- Born: James Ireland Cash Jr. 1947 (age 78–79)
- Education: Texas Christian University (BS) Purdue University, West Lafayette (MS, PhD)
- Political party: Democratic

= James Cash Jr. =

American businessman (born 1947)

James Ireland Cash Jr. (born 1947) is an American business academic who is a member of the board of directors of several corporations, including General Electric, Microsoft (2001–2009), The Chubb Corporation, Phase Forward, Inc., Wal-Mart, and Veracode.

Cash holds the position of James E. Robison Professor of Business Administration, Emeritus at the Harvard Business School.
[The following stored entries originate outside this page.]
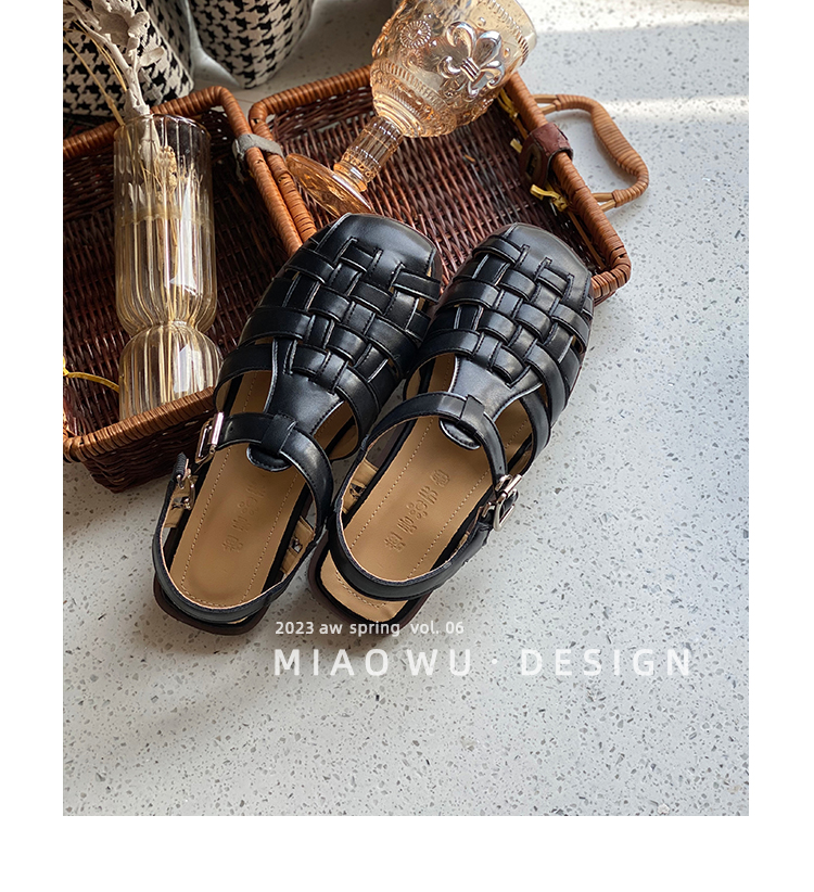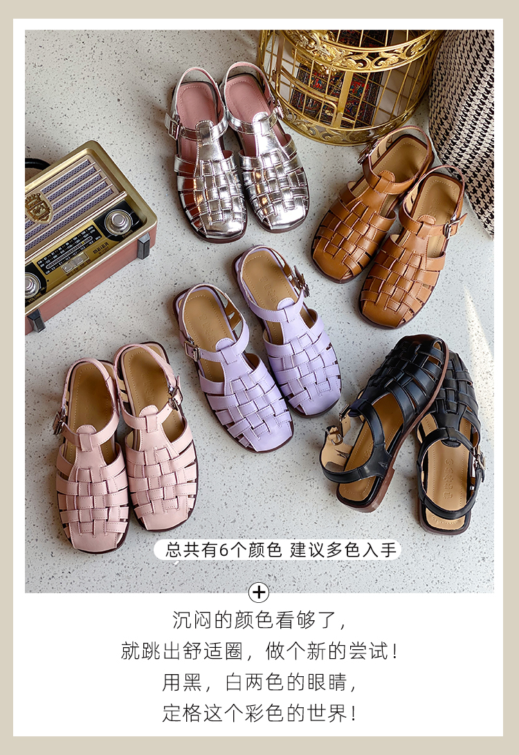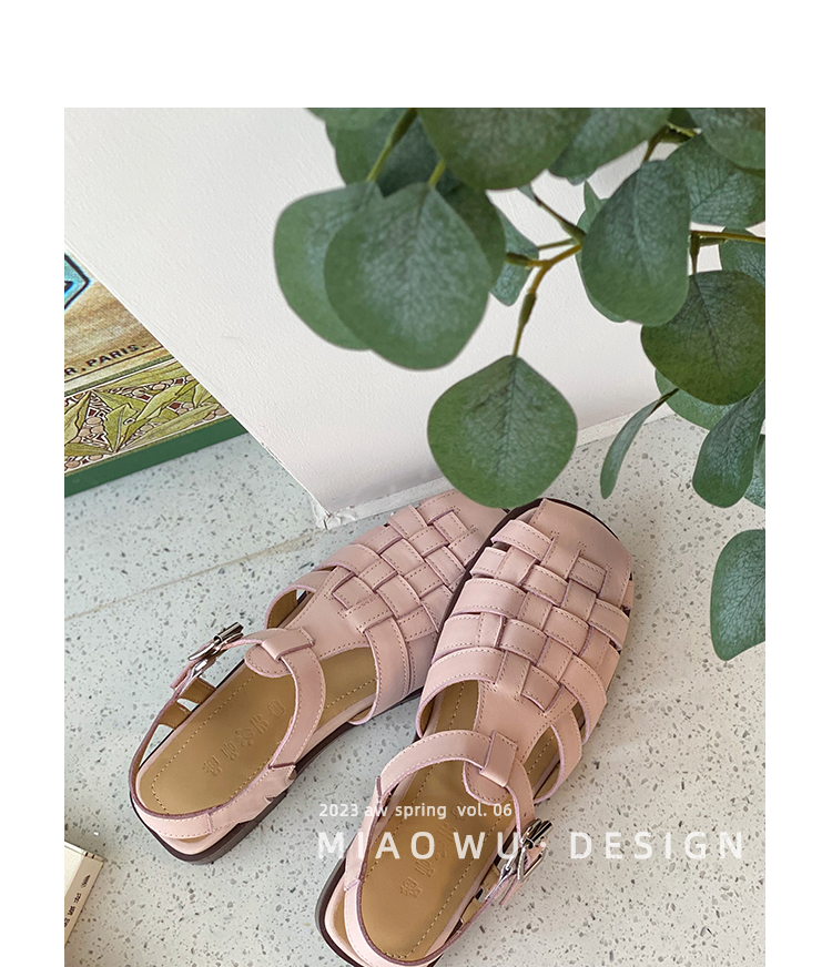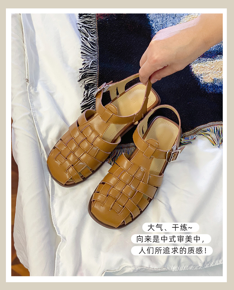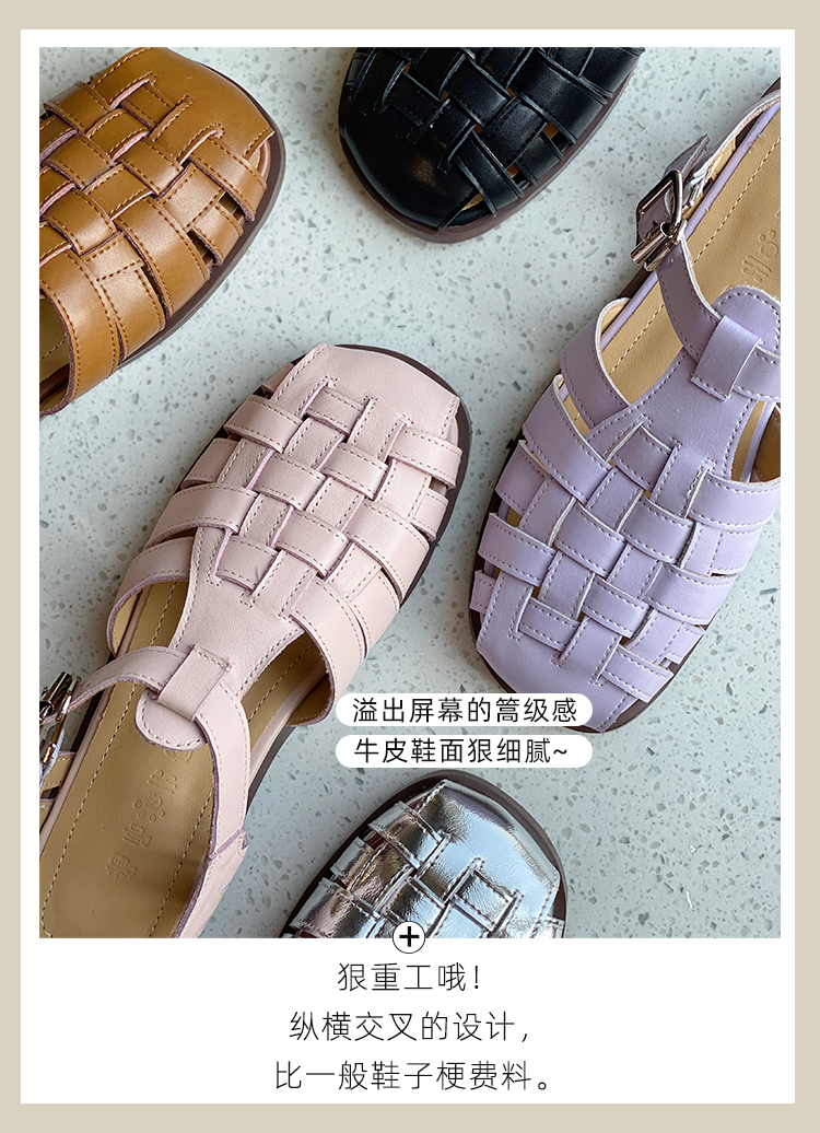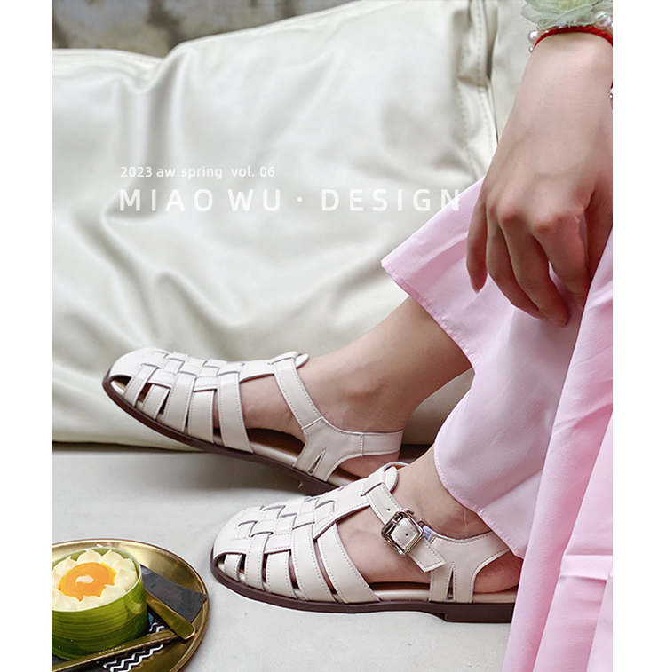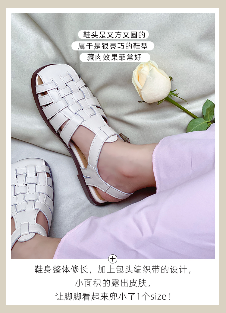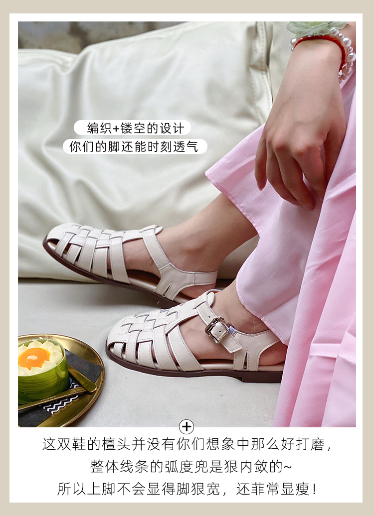 喵唔的天空包头罗马凉鞋女春夏编织平底一字扣镂空通勤沙滩鞋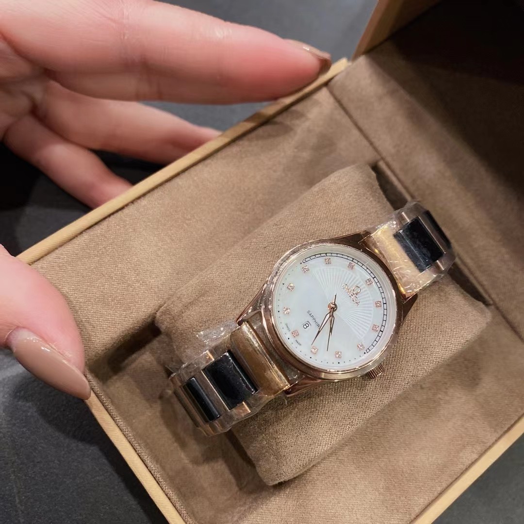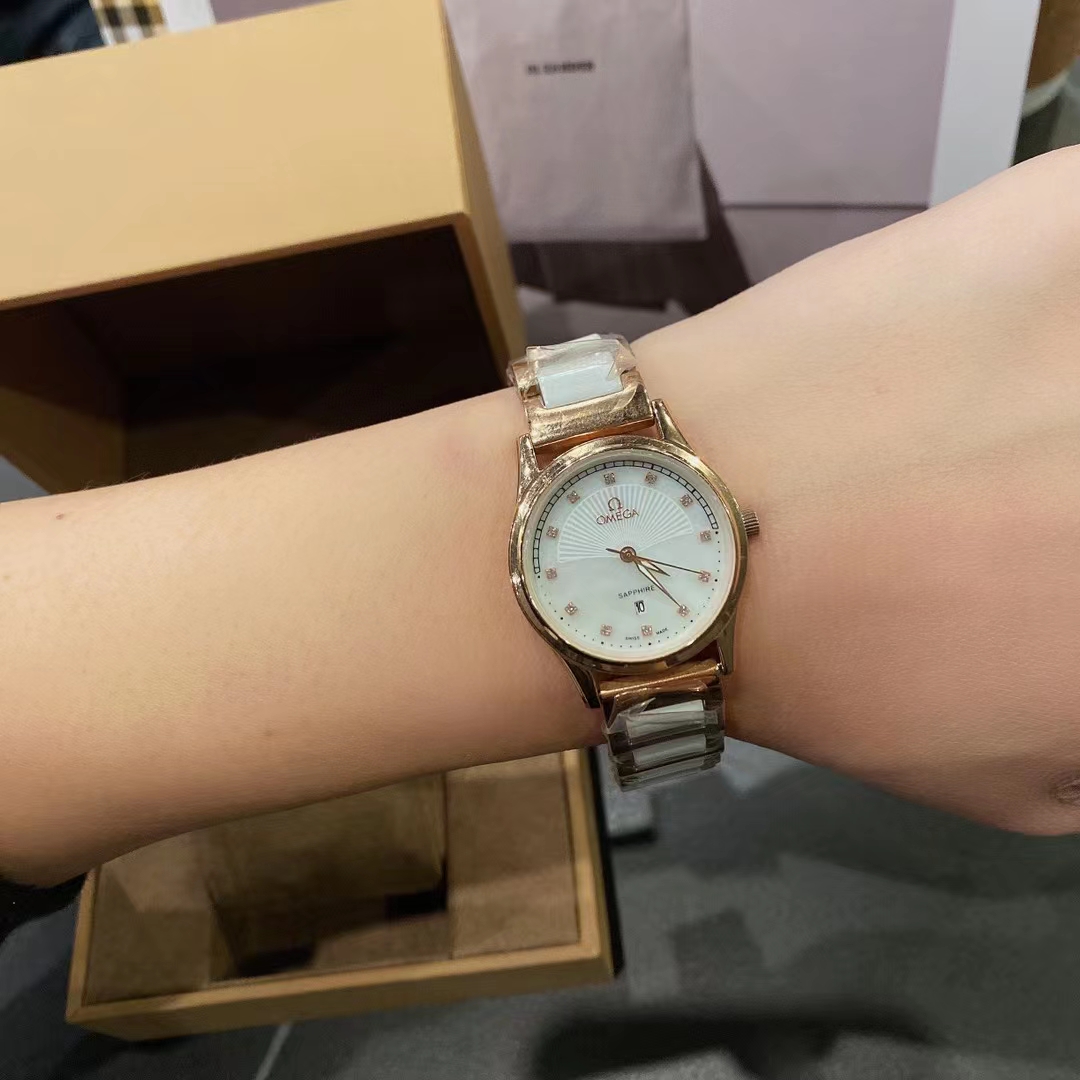 K0 陶瓷 . OMEGA 欧米茄 Omega —时尚女士石英腕表,女神范十足的一款手表,超强时尚设计理念,进口石英机芯,顶级镀膜玻璃镜面,多颜色进口小牛皮搭配原装针扣,尺寸32mm, 实物拍摄 品质如一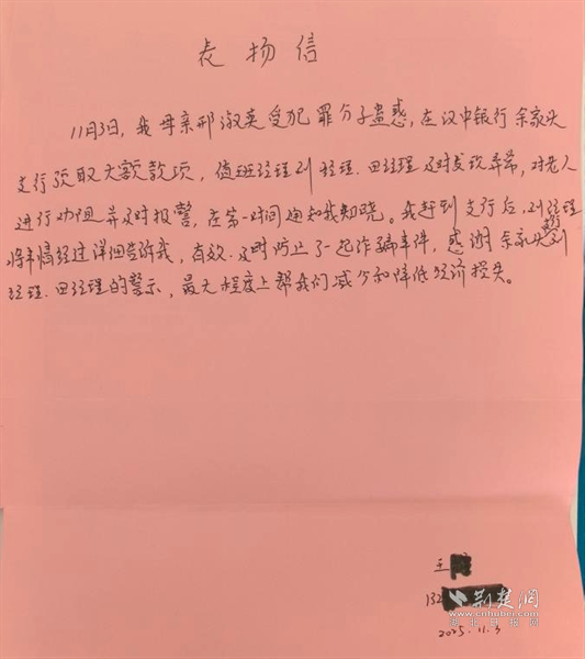 收到居民的表揚信。 通訊員供圖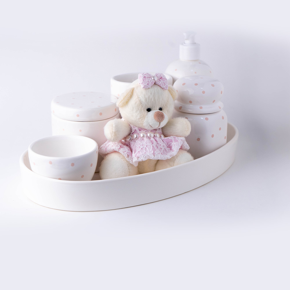 Kit Higiene “Minha Menina”: 7 peças em cerâmica branca com delicado poá rosa. Inclui bandeja, porta sabonete líquido, porta algodão, porta cotonete, pote funcional e um ursinho decorativo. O equilíbrio perfeito entre organização e ternura para o enxoval.
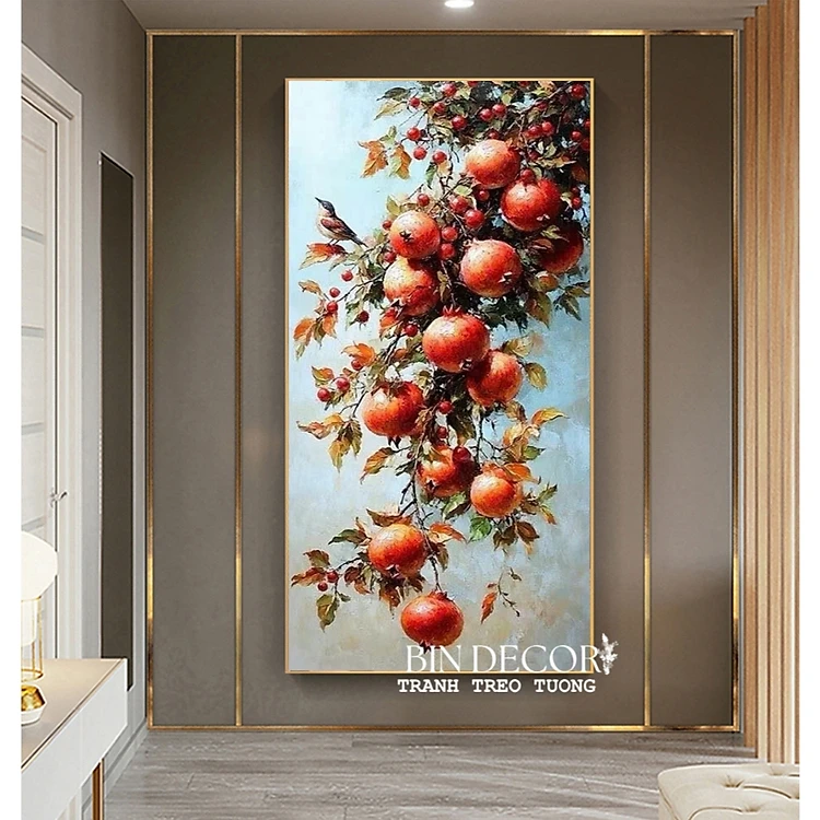 (HCM) Tranh treo tường tráng gương cành lựu may mắn 2 trang trí phòng khách,nhà hàng, khách sạn

Cash joined the Harvard Business School faculty in 1976 and has taught in each of the major HBS programs – MBA, Program for Management Development (PMD), Program for Global Leadership (PGL), and Advanced Management Program (AMP). He served as Chairman of the MBA Program from 1992 to 1995 during the school's project to redesign the MBA Program and as Senior Associate Dean and Chairman of HBS Publishing. He retired from the Harvard Business School faculty in 2003. He also serves as a trustee of the Bert King Foundation, Massachusetts General Hospital, and Partners Healthcare and the National Association of Basketball Coaches Foundation.